— По недоразумению.
— Как со мной?
— Не думаю.
Он отвернулся и пошел дальше.
— Чарльз Элиот Боркман! — позвала она. Опять это имя!
Он снова остановился и начал чертить вилкой решетку на песке.
— Зачем вы это сказали? — спросил он.
— Но это же ваше имя!
— Нет, — сказал он. — Тот человек погиб в глубинах космоса, когда космолет прыгнул по неправильным координатам и оказался слишком близко от звезды в момент ее взрыва.
— Он был герой. Дал сгореть половине своего тела, пока готовил спасательный челнок для остальных. И он выжил.
— Скажем: какие-то его частицы. Не больше.
— Но это ведь было покушение, верно?
— Кто знает? Вчерашняя политика не стоит бумаги, потраченной на ее обещания и угрозы.
— Он же был не просто политиком, а государственным деятелем, гуманистом, одним из немногих, кого, когда он уходит со сцены, больше людей любят, чем ненавидят.
Он издал что-то вроде смешка.
— Вы очень любезны. Но если так, то последнее слово все-таки осталось за меньшинством. Лично я считаю, что в нем было много от бандита. Но мне приятно, что вы перешли на прошедшее время.
— Вас восстановили так умело, что вы можете просуществовать вечность, потому что вы заслуживали самого лучшего.
— Быть может, я уже просуществовал вечность. Чего вы хотите от меня?
— Вы приехали сюда умереть и передумали.
— Не совсем так. Я просто не обрел состояния, оговоренного в седьмом пункте. Обрести покой…
— Как и я. Но у меня нет вашей возможности убедить в этом Центр.
— Быть может, если я пойду с вами и поговорю…
— Нет, — сказала она. — Их согласия хватит только на то время, пока вы будете рядом. Таких, как мы, они называют жизнехватами и не стесняются с нами. У меня нет брони, и я не могу доверять им, как вы.
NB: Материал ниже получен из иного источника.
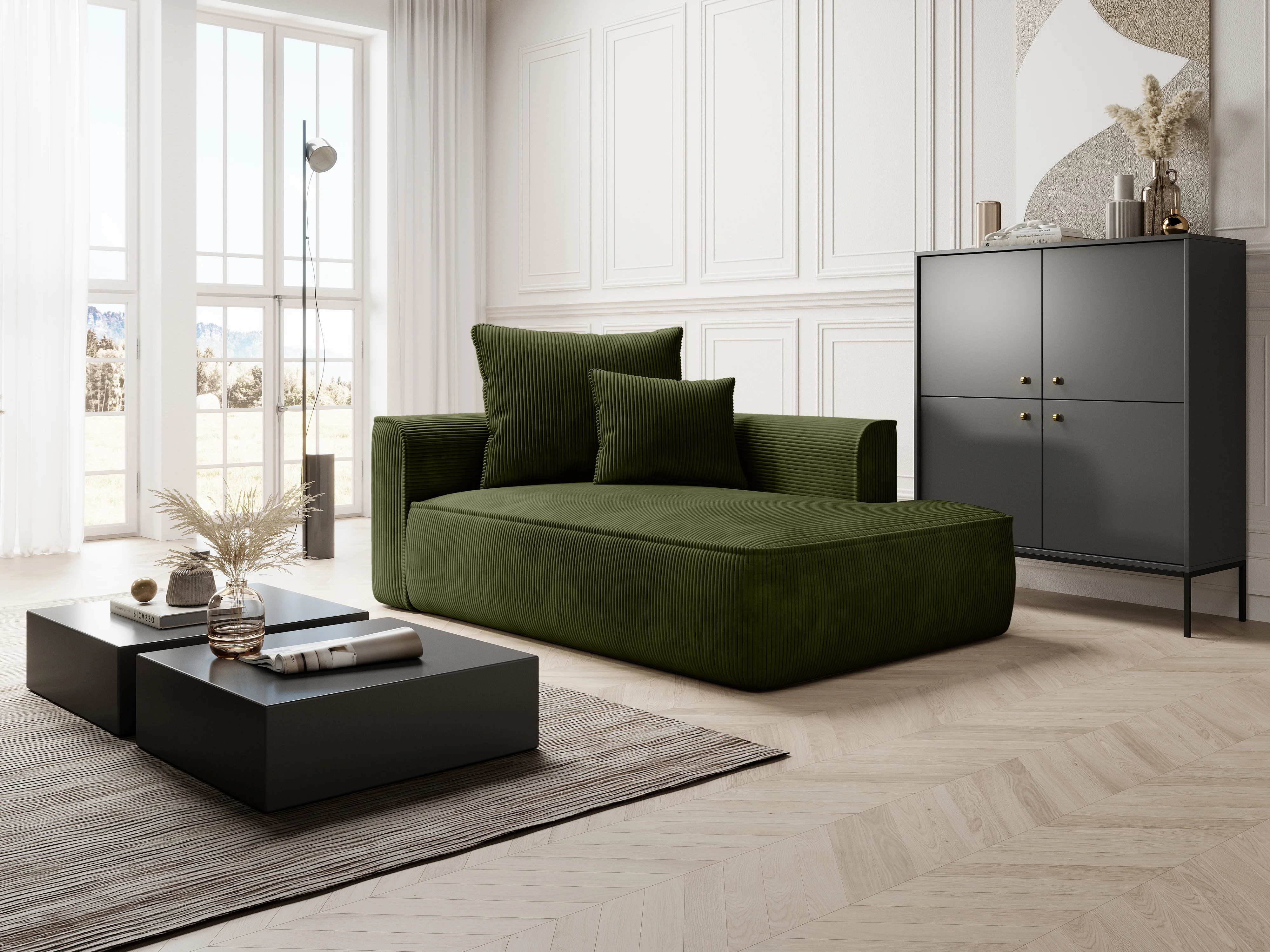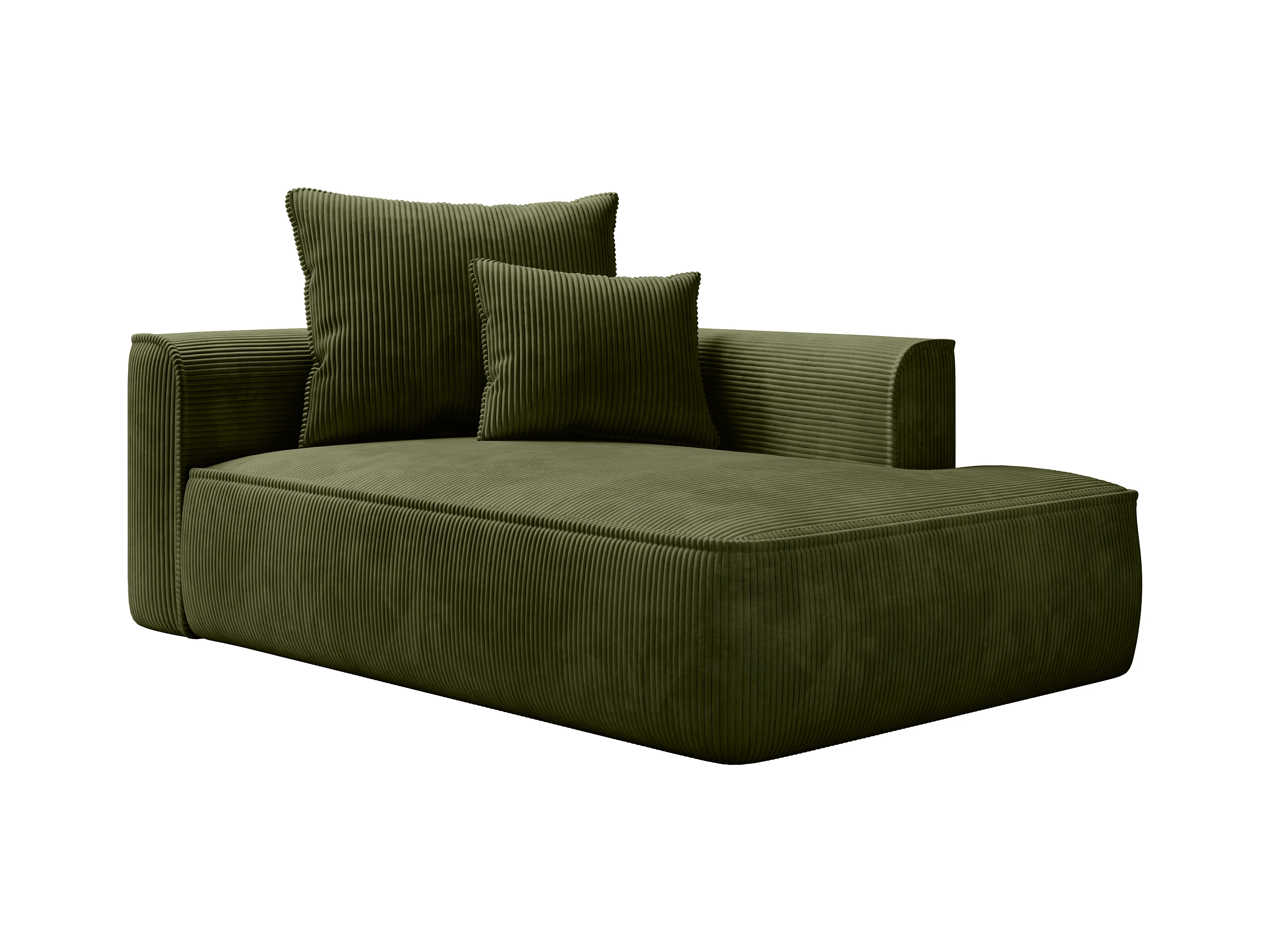 Méridienne gauche en velours côtelé vert kaki PINETA

— Так чего же вы от меня хотите… девочка?
— Нора. Называйте меня Нора. Защитите меня. Вот чего я хочу. Позвольте мне остаться с вами. Вы ведь живете где-то поблизости. Не подпускайте их ко мне.
Он потыкал вилкой в рисунок и принялся стирать его.
— Вы уверены, что хотите этого?
— Да! Да, уверена.
— Ну хорошо. В таком случае можете пойти со мной.
Вот так Нора поселилась в хижине Борка у моря. В первые недели всякий раз, когда являлись сотрудники Центра, Борк требовал, чтобы они поскорее уходили. А потом перестали приходить вовсе.
Днем она ходила с ним по берегу и помогала собирать плавник, потому что любила вечером развести огонь. А он, хотя жар и холод давно уже были ему безразличны, со временем и на свой лад начал получать радость от пылающего пламени.
Во время их прогулок он ковырялся в кучах мусора, нагроможденных морем, и переворачивал камни, проверяя, что под ними.
— Господи! Что вы надеетесь отыскать в этом… этом хламе? — спросила она, удерживаясь от вдоха и отступая.
— Не знаю, — усмехнулся он. — Камень? Лист? Дверь?[2] Что-нибудь столь же симпатичное. В таком вот роде.
— Пойдемте понаблюдаем за живностью в лужах, оставленных отливом, они хотя бы чистенькие.
— Ладно.
Хотя он ел больше по привычке и ради вкуса, ее потребность питаться регулярно и умение готовить заставляли его предвкушать обеды и ужины как приятный ритуал. А позднее, как-то после ужина, она в первый раз начала его полировать. Это могло бы получиться неловко, гротескно. Но вышло иначе. Они сидели перед огнем, подсыхали, грелись, смотрели на пламя, молчали. Она машинально подняла тряпку, которую он бросил на пол, и смахнула кусочек пепла, прилипший к его боку, отражавшему огонь. Через некоторое время она проделала это снова. Гораздо позднее, уже сосредоточенно, перед тем как пойти спать, она протерла всю блестящую поверхность.
Как-то раз она спросила:
— Почему вы купили билет сюда и подписали контракт, если не хотели умереть?
— Но я хотел.
— И что-то заставило вас изменить решение? Что?
— Я нашел радость более сильную, чем это желание.
— А вы не расскажете мне какую?
— Конечно, я обнаружил, что это редкая, если вообще не единственная для меня, возможность испытать счастье. Дело в самом этом месте: отбытие, мирный финал, радостный уход. Мне нравится созерцать все это — жить на краю энтропии и убеждаться в том, как она хороша.
— Но нравится она вам не настолько, чтобы самому принять ее?
— Да. Я нахожу в этом причину, чтобы жить, а не чтобы умереть. Возможно, это ущербная радость. Но ведь я ущербен. А вы?